Economics of Immigration
Immigration. It’s in the papers almost every day. With the number of immigrants coming from Northern-Africa and the Middle East, the European Union is facing its greatest humanitarian challenge since the second World War. The average sentiment of immigration is negative, it’s believed to cost people (low-skilled) jobs and puts a tremendous pressure on the government budgets. However, recently, the German Institute of Science approximated the contribution of (refugee) immigration on the German GDP as over 1% 1. The little over a million refugees that have entered Germany in the period of 2015-2016 would give the German economy an impulse of €95 billion up until 2020. As Angela Merkel has said, ‘Deutschland schafft das’. However, while it makes economic sense that a country’s GDP benefits from an increase in its labour force, there are still negative effects for German inhabitants. Several positions are taken when reviewing literature on the economics of immigration. In general, it is seen that immigration is good for economic growth. However, does this hold for refugee immigration as well?

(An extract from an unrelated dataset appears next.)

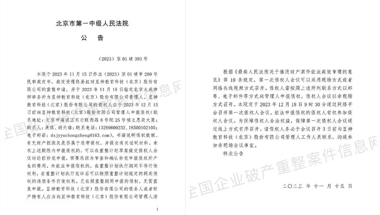 法院发布的受理破产清算申请公告显示,北京一中院于11月15日裁定受理佟易虹对豆神教育的重整申请,并指定管理人,豆神教育债权人应于12月15日前向管理人申报债权,法院定于12月18日通过网络平台召开第一次债权人会议。
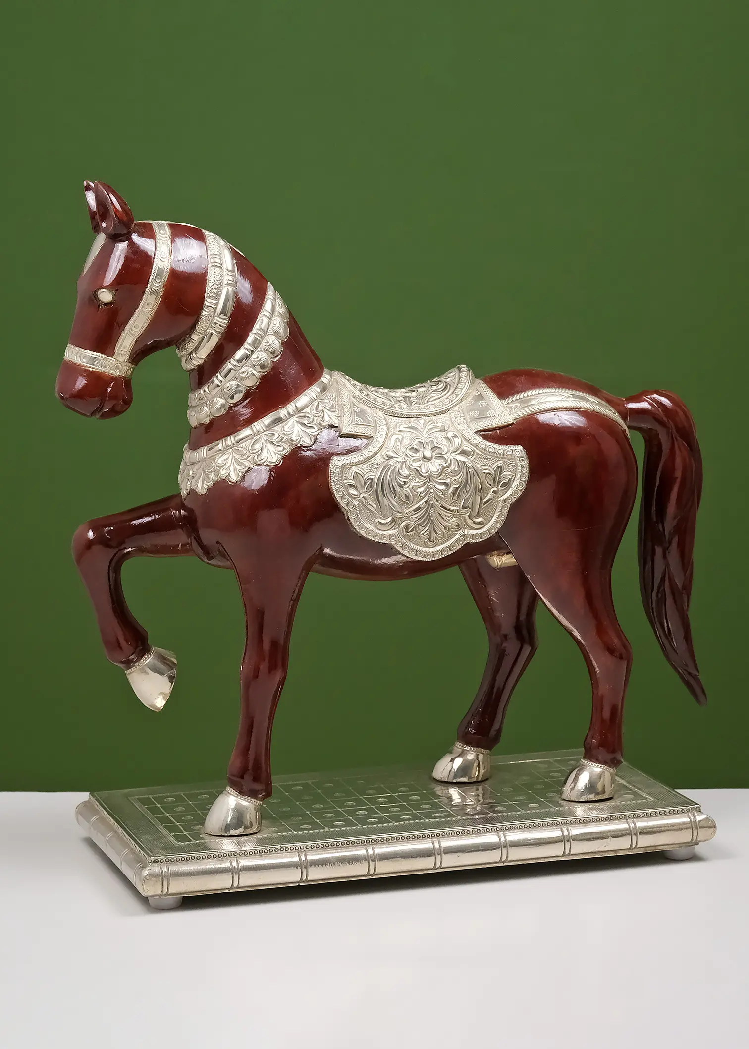 This breathtaking depiction of a galloping horse, adorned with trappings and a majestic “Jhul,” represents freedom, authority, and the pursuit of dreams. Carved with care from wood, it emanates eternal beauty and refinement, making it a compelling complement to any decor. Whether displayed in your home, enterprise, or gallery, this artwork serves as a reminder of nature’s splendour and perseverance.

European Union is facing its greatest humanitarian challenge since the second World War
First it must be noted that Europe has, as we all know, an ageing population. Immigration is therefore a potential solution to the problems that lie ahead. While this increasing population puts a drain on public services, this is (generally) more than compensated by increased tax revenues. Furthermore, immigrants bring different sets of skills to the labour market and can compete with particular labour markets. Evidence from the past (Denmark and the influx of Eastern-Europeans into the UK) has shown that it actually increases the incentive for natives to acquire certain skills, while it does not put a high pressure on the natives’ wages. It is even said that due to this competition, displaces natives switch to jobs that involve less manual labour. In essence, for the vast majority of the natives, the influx of immigration results in higher wages 2.
Evidence from the past has shown that it actually increases the incentive for natives to acquire certain skills, while it does not put a high pressure on the natives’ wages.

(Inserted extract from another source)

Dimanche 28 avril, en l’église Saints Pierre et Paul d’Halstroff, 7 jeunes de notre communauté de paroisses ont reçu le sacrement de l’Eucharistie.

However, this is all dependent on a large if. The integration of the refugees plays a crucial part in determining the net benefit to the country. Due to racial prejudices, among others, the refugees that have entered Europe in the past 10 years are more than 17 percentage points more likely to rely on social benefits as their main source of income. This suggests that it might take a while before refugees actually pay more tax than they receive in state support. Some studies go as far that it takes as long as 15 years before the net contribution becomes positive. The social integration also comes in for remittances, since migrants are often to be said a drain to the economy because a large part of their income back to their families in their country of origin.
This suggests that it might take a while before refugees actually pay more tax than they receive in state support.
Concluding, it is difficult to draw conclusions on the (net) economic benefits for EU natives. While most literature suggest that the contribution to GDP will be positive, and that the natives’ effect are non-negative (it might even be positive!) it really all depends on the level of integration.